John Calvin provides some helpful comments on passages like Hebrews 6:4-6, 10:26, and 12:7.
These passages in Hebrews say,
4 For it is impossible, in the case of those who have once been enlightened, who have tasted the heavenly gift, and have shared in the Holy Spirit, 5 and have tasted the goodness of the word of God and the powers of the age to come, 6 and then have fallen away, to restore them again to repentance, since they are crucifying once again the Son of God to their own harm and holding him up to contempt. – Heb 6:4-6
For if we go on sinning deliberately after receiving the knowledge of the truth, there no longer remains a sacrifice for sins. – Heb 10:26
For you know that afterward, when he desired to inherit the blessing, he was rejected, for he found no chance to repent, though he sought it with tears. – Heb 12:17
Calvin, is this saying that God will refuse forgiveness to someone who repents?

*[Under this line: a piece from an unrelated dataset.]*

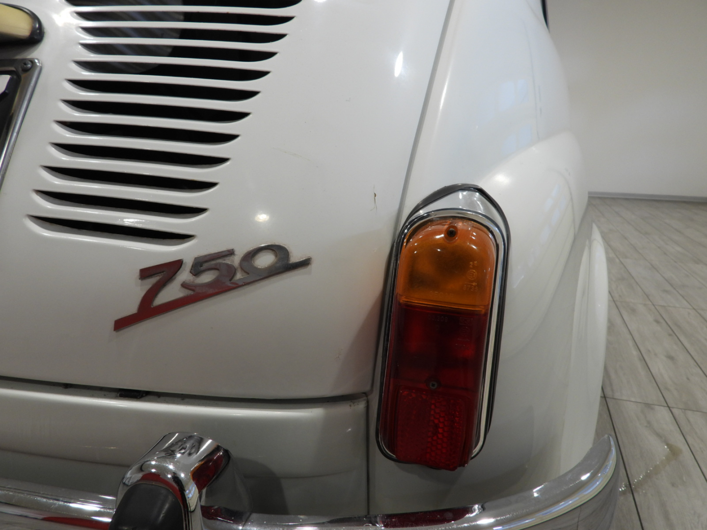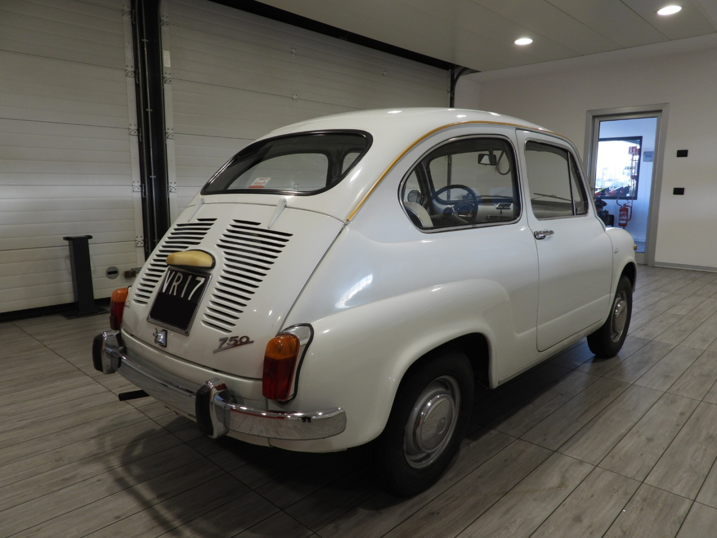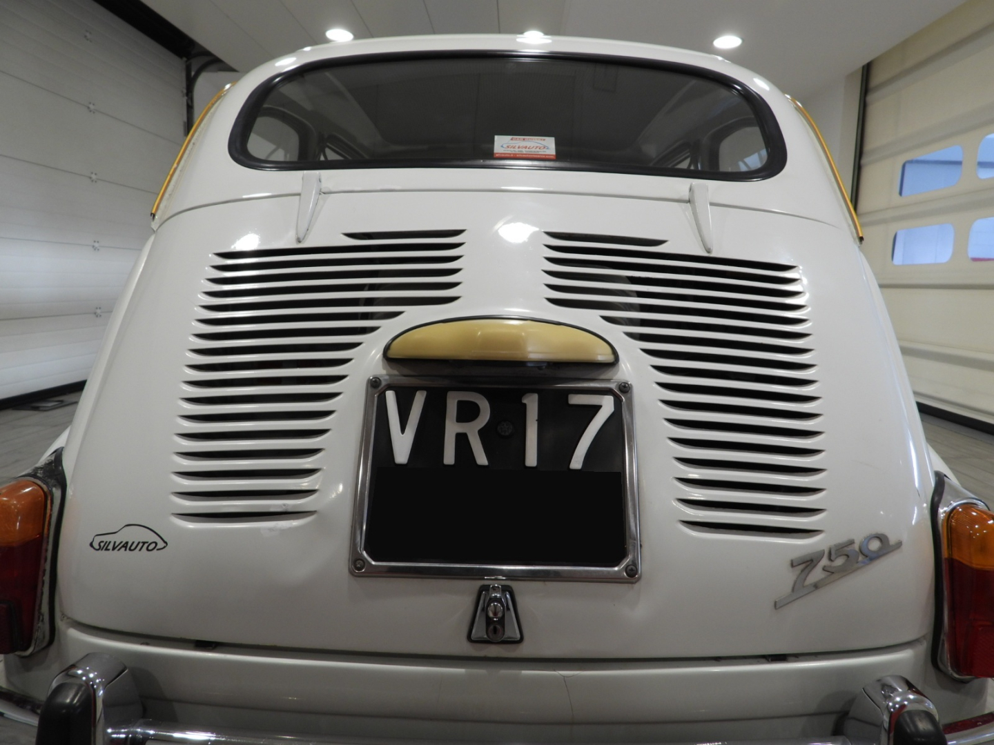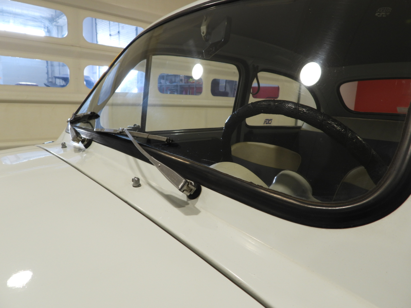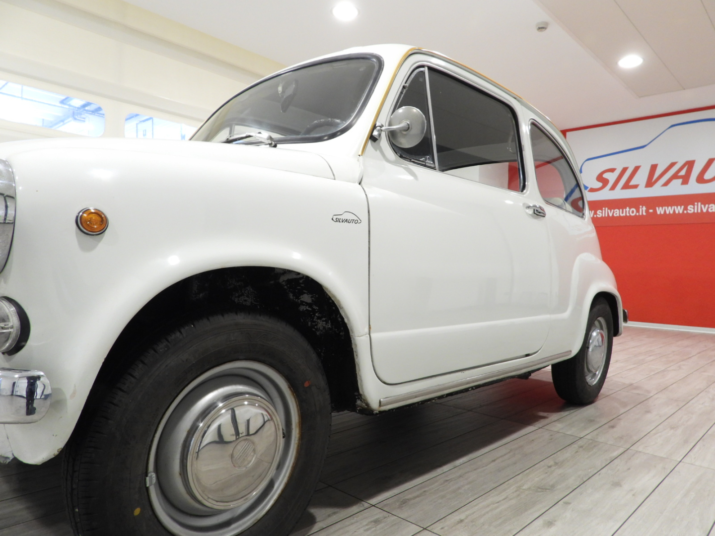 Sedili e pannelli in Vipla celeste e avorio, Specchio esterno lato guida cromato, Cerchi in ferro con calotta Fiat Cromata con pneumatici 145SR12, Staccabatteria

To some it seems harsh, and at variance with the divine mercy, utterly to deny forgiveness to any who retake themselves to it. This is easily disposed of. It is not said that pardon will be refused if they turn to the Lord, but it is altogether denied that they can turn to repentance, inasmuch as for their ingratitude they are struck by the just judgment of God with eternal blindness.
What about those like Esau who seem to repent?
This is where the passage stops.